I have the correct number of fields and what not.

ID is auto incrementing


----------



## amanxman (Mar 28, 2006)

AAOExpert said:


> I have the correct number of fields and what not.


If you're getting that error, then you don't have correct number of fields... double, triple check.

In fact, looking at csv, it might be due to the date field having slashs in...

1/22/2008
and 
N/A (twice)

the / might be read by the import as a line break, or something similar which is messing with your import...

Firstly try importing data just as 12208 (i.e. no /) and also NA isntead of N/a (twice).
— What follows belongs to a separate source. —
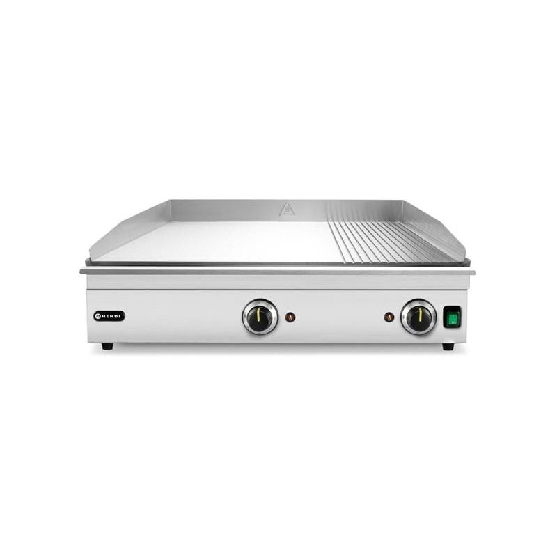 Alloggiamento in acciaio inossidabile. La piastra è realizzata in lamiera di spessore 8 mm, distribuisce e trattiene perfettamente il calore e può essere pulita in sicurezza con attrezzi appositi (raschietti, spazzole). Dotato di sponda posteriore e cassetto per la raccolta dei grassi e degli avanzi. Temperatura regolabile fino a 300°C. Protezione dal surriscaldamento tramite fusibile termico. Interruttore con LED integrato che indica il funzionamento. Piedini antiscivolo Piastra grill inserita ? La griglia rigata HENDI si distingue per una griglia in acciaio inox temprato e la capacità di raggiungere temperature fino a 300°C, che la rende ideale per la preparazione di carni grasse, come hamburger e salsicce. Allo stesso tempo, il lato liscio della griglia è perfetto anche per preparare uova o pancake. La combinazione del bordo posteriore e del cassetto raccogligrasso rimovibile rende il dispositivo facile da pulire. Dimensioni tavola 688×410 mm - in ? a coste, dentro ? liscio.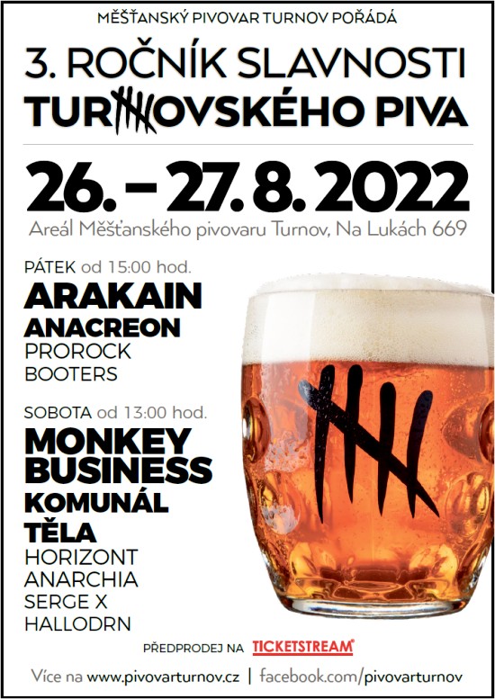 Předprodej vstupenek na Ticketstream, více na www.pivovarturnov.cz.

If that works, then sweet... we know what's wrong..

But then I guess you need to import all your data with the /. You'll probably need to put some sort of delimiters around each / so the import knows they are to be imported as is...

I'm not sure the formatting so I would recommend:


Import your data WITHOUT the slashes
Presuming that works, within the database (use the phpadmin or whatever front end you have), change the date field contents from 12208 to 1/22/08 (i.e. amend the record so it's what you want.
Then EXPORT the data from myphpadmin, and take a look at the result to see what delimiters are used to maintain the slash in the field.
Then apply those delimiters to your import.

You'll need to delete the records you imported for the test otherwise you'll get errors on duplicated records.

Other option is import all without slashes and then manually edit them. Depends how big database is.

And all this assumes the slash is the problem

Let me know if it is....!


----------



## AAOExpert (Dec 13, 2005)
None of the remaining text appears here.